- [Exercise instructions]
Quote the listing below in full and exactly as written, but omit every picture.

- [Data segment]

·····

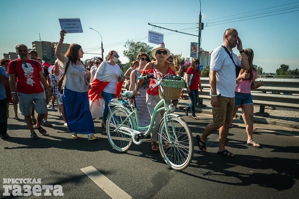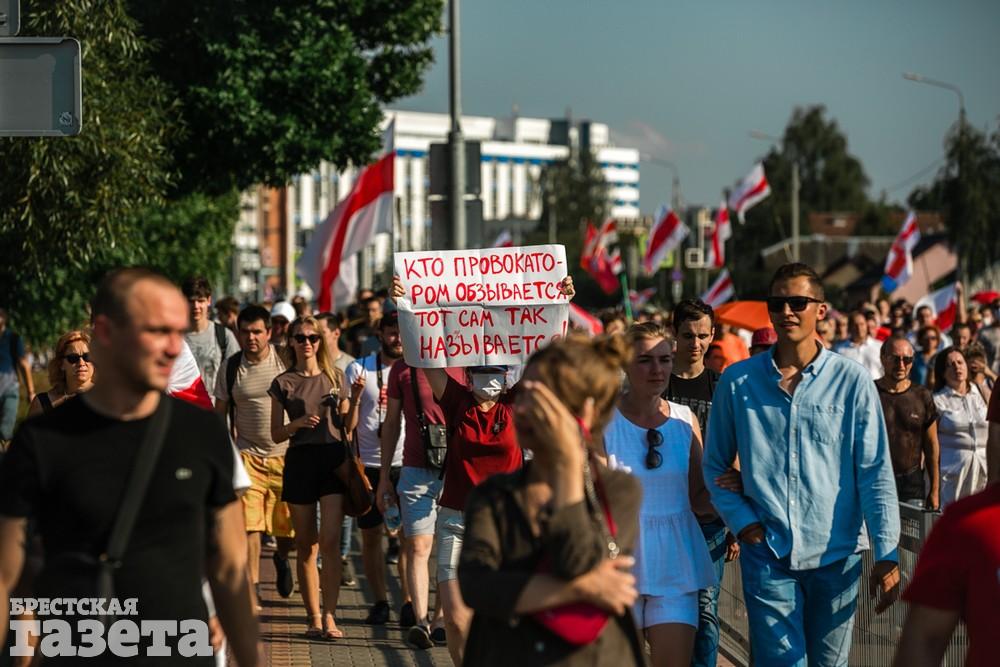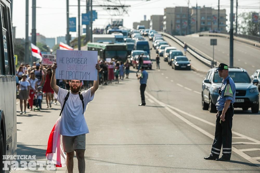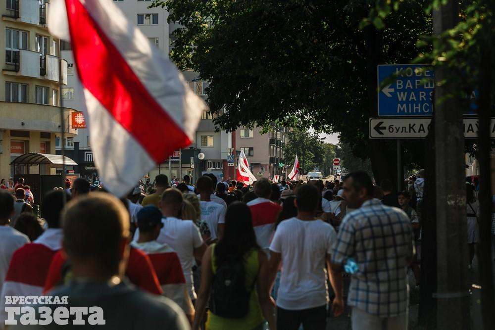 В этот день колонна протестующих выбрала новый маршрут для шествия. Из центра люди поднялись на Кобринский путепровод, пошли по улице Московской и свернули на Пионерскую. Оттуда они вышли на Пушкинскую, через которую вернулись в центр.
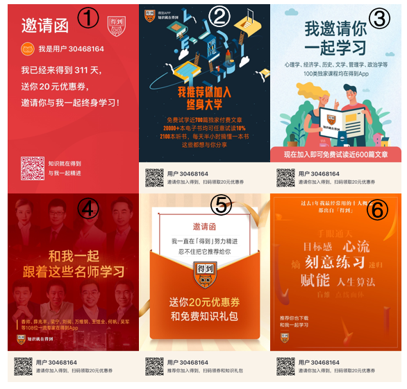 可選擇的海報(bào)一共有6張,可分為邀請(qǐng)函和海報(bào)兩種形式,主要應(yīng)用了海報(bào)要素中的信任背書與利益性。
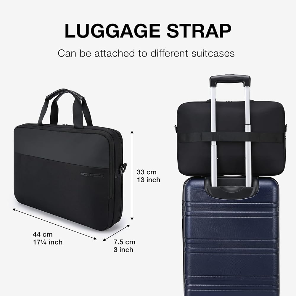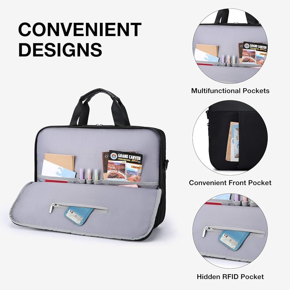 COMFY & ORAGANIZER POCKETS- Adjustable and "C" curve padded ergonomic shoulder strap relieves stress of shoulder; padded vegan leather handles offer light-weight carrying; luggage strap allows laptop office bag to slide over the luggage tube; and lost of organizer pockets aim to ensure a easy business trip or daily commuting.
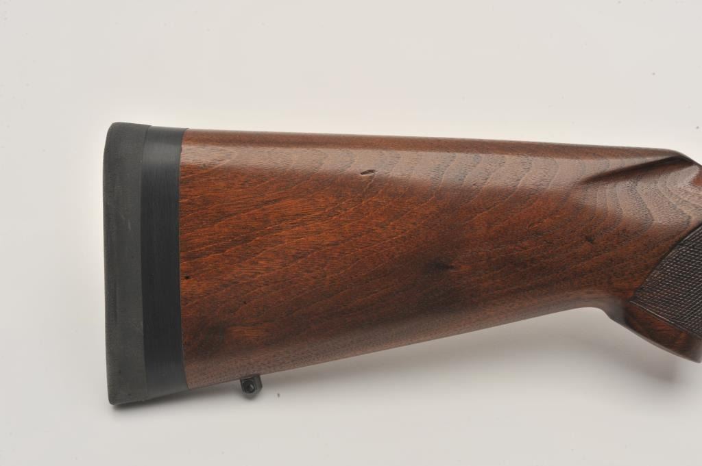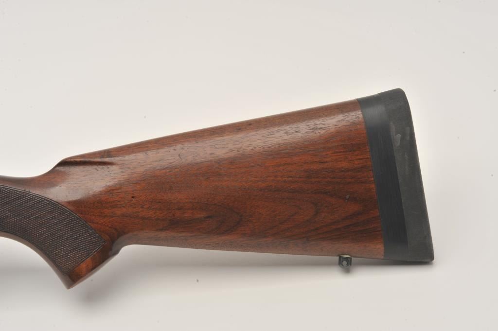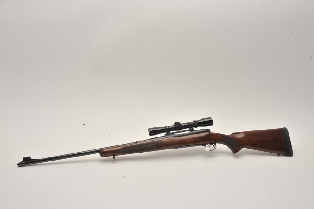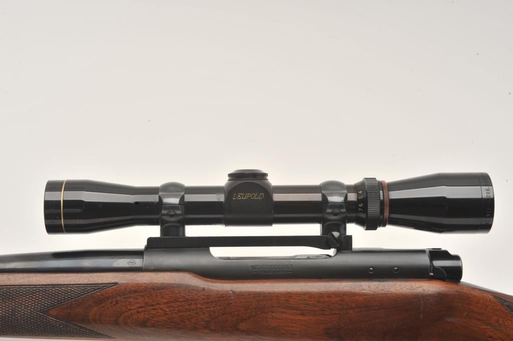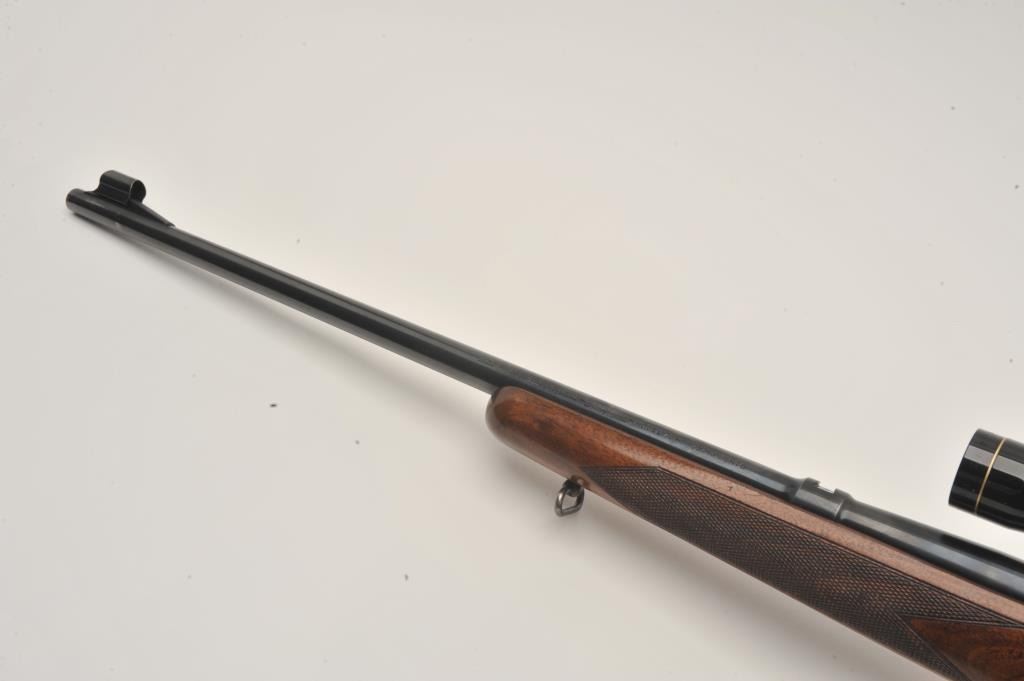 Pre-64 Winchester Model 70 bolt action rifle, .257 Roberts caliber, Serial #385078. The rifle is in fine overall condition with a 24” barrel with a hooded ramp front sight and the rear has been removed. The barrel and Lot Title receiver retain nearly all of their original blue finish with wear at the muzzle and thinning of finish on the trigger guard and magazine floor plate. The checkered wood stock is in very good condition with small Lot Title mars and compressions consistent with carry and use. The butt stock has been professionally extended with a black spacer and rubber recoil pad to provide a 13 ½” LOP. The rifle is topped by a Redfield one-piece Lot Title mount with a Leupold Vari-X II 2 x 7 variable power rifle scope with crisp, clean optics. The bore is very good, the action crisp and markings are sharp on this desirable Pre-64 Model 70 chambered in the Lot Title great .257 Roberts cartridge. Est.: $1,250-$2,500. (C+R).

·····

- [Response to this exercise]
 В этот день колонна протестующих выбрала новый маршрут для шествия. Из центра люди поднялись на Кобринский путепровод, пошли по улице Московской и свернули на Пионерскую. Оттуда они вышли на Пушкинскую, через которую вернулись в центр.
 可選擇的海報(bào)一共有6張,可分為邀請(qǐng)函和海報(bào)兩種形式,主要應(yīng)用了海報(bào)要素中的信任背書與利益性。
 COMFY & ORAGANIZER POCKETS- Adjustable and "C" curve padded ergonomic shoulder strap relieves stress of shoulder; padded vegan leather handles offer light-weight carrying; luggage strap allows laptop office bag to slide over the luggage tube; and lost of organizer pockets aim to ensure a easy business trip or daily commuting.
 Pre-64 Winchester Model 70 bolt action rifle, .257 Roberts caliber, Serial #385078. The rifle is in fine overall condition with a 24” barrel with a hooded ramp front sight and the rear has been removed. The barrel and Lot Title receiver retain nearly all of their original blue finish with wear at the muzzle and thinning of finish on the trigger guard and magazine floor plate. The checkered wood stock is in very good condition with small Lot Title mars and compressions consistent with carry and use. The butt stock has been professionally extended with a black spacer and rubber recoil pad to provide a 13 ½” LOP. The rifle is topped by a Redfield one-piece Lot Title mount with a Leupold Vari-X II 2 x 7 variable power rifle scope with crisp, clean optics. The bore is very good, the action crisp and markings are sharp on this desirable Pre-64 Model 70 chambered in the Lot Title great .257 Roberts cartridge. Est.: $1,250-$2,500. (C+R).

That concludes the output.